■ **Exercise objective**
Quote all entries exactly, leaving pictures aside.
** Opening Data provided block **
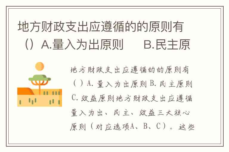 地方财政支出应遵循的的原则有()A.量入为出原则 B.民主原则 C.效益原则
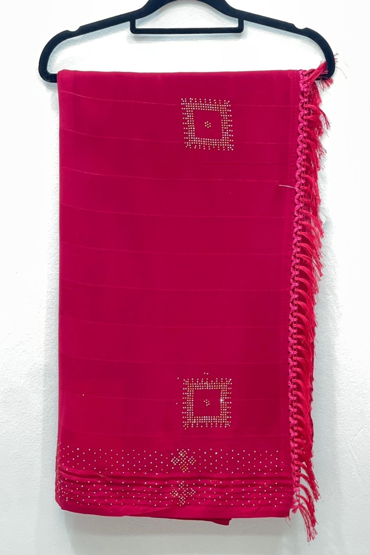 Design: Features a minimalist aesthetic with geometric stone-work motifs, a delicate sparkling border, and playful fringe tassels along the pallu.
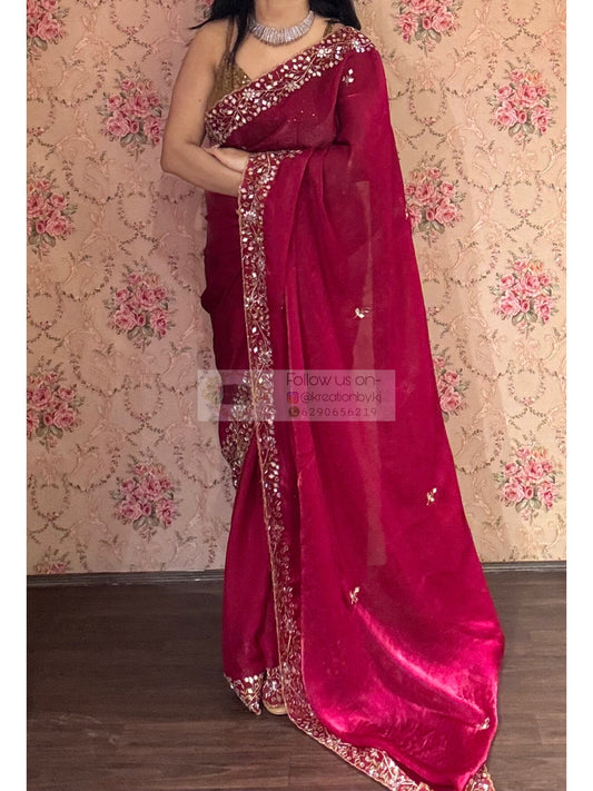 Save 24%Red Glass Tissue Sheesh Mahal Saree
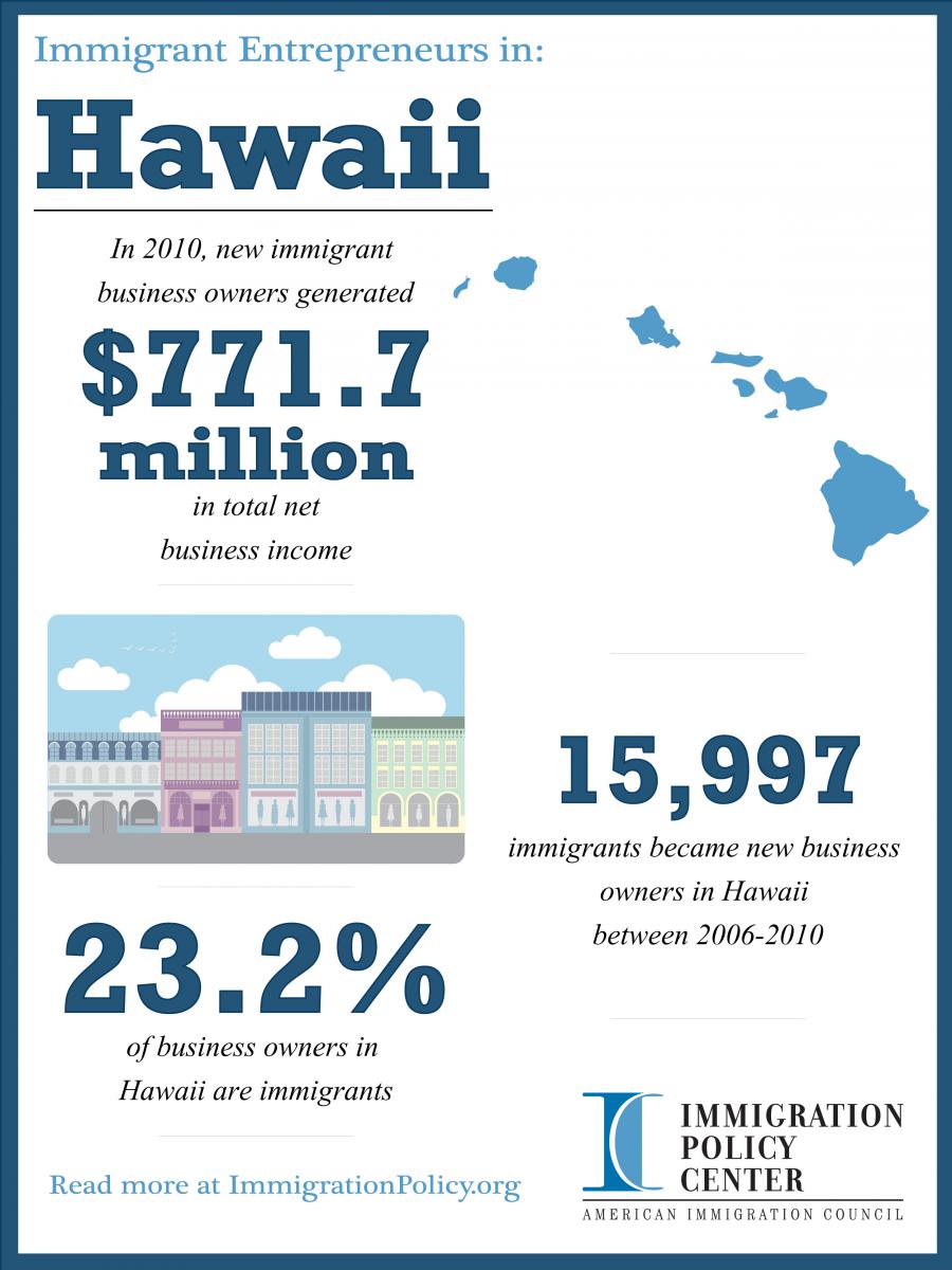 - From 2006 to 2010, there were 15,997 new immigrant business owners in Hawaii, and in 2010, 23.2 percent of all business owners in Hawaii were foreign-born.
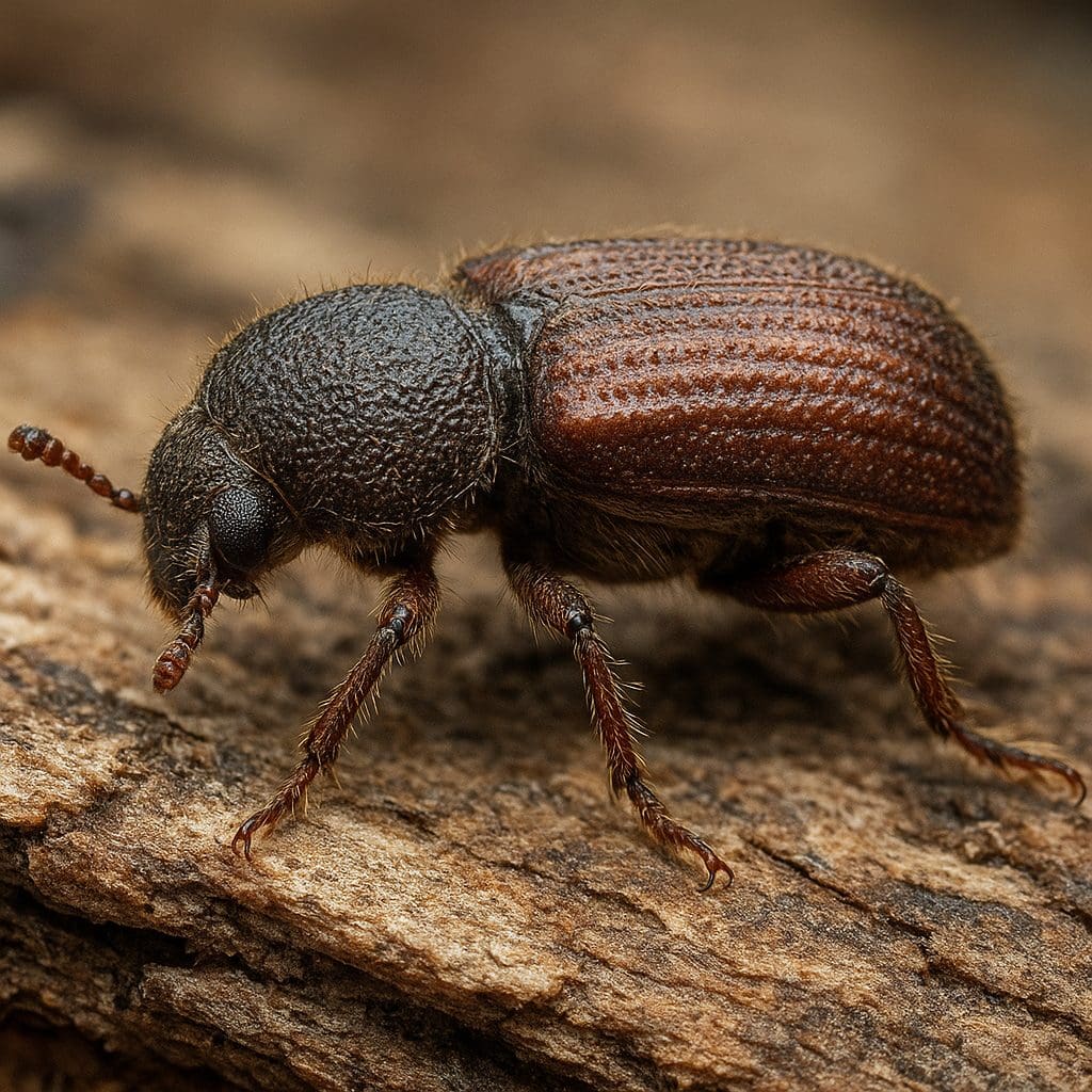 - Pokrywy (elytra) z wyraźną tylno-boczną częścią (tzw. declivity), na której znajdują się ząbki i listewki — to cecha pomocna w identyfikacji.
** Closing Data provided block **
■ **Answer to this exercise**
 地方财政支出应遵循的的原则有()A.量入为出原则 B.民主原则 C.效益原则
 Design: Features a minimalist aesthetic with geometric stone-work motifs, a delicate sparkling border, and playful fringe tassels along the pallu.
 Save 24%Red Glass Tissue Sheesh Mahal Saree
 - From 2006 to 2010, there were 15,997 new immigrant business owners in Hawaii, and in 2010, 23.2 percent of all business owners in Hawaii were foreign-born.
 - Pokrywy (elytra) z wyraźną tylno-boczną częścią (tzw. declivity), na której znajdują się ząbki i listewki — to cecha pomocna w identyfikacji.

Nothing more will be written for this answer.